| Raw data |

^^^^^^^^^^^^^^^^

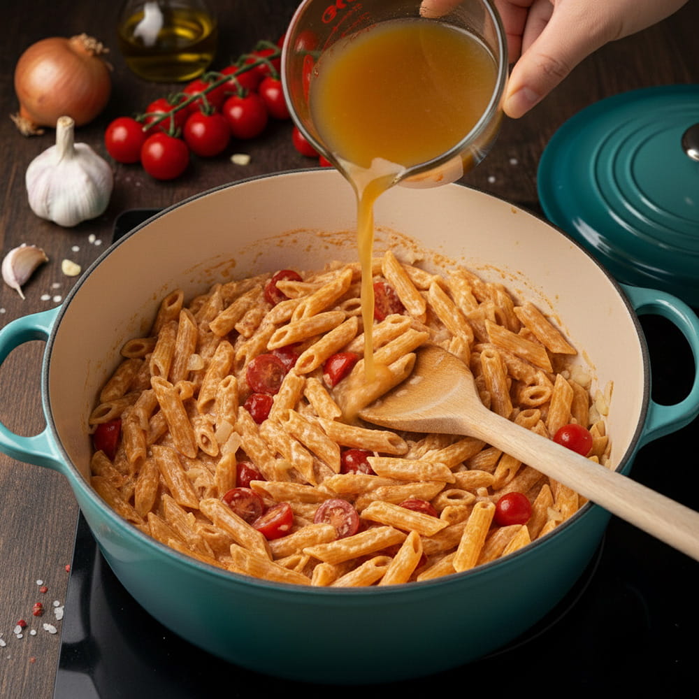 Zubereitung einer leckeren, schnellen One-Pot-Pasta
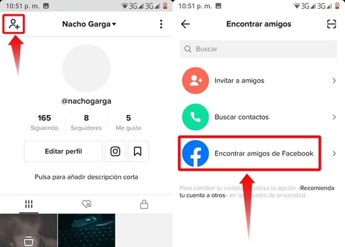 Si no tienes su número de teléfono, pero sí son amigos en Facebook, puedes encontrar a esa persona en TikTok sin saber su usuario de la siguiente forma:
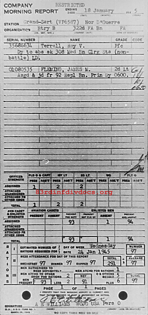 Morning report B/322FA for January 18, 1945

^^^^^^^^^^^^^^^^

| Task |
Omitting all pictures, retype exactly the lines from the line containing "Si no tienes" down to the last line above, both ends included.

| Solved exercise |
 Si no tienes su número de teléfono, pero sí son amigos en Facebook, puedes encontrar a esa persona en TikTok sin saber su usuario de la siguiente forma:
 Morning report B/322FA for January 18, 1945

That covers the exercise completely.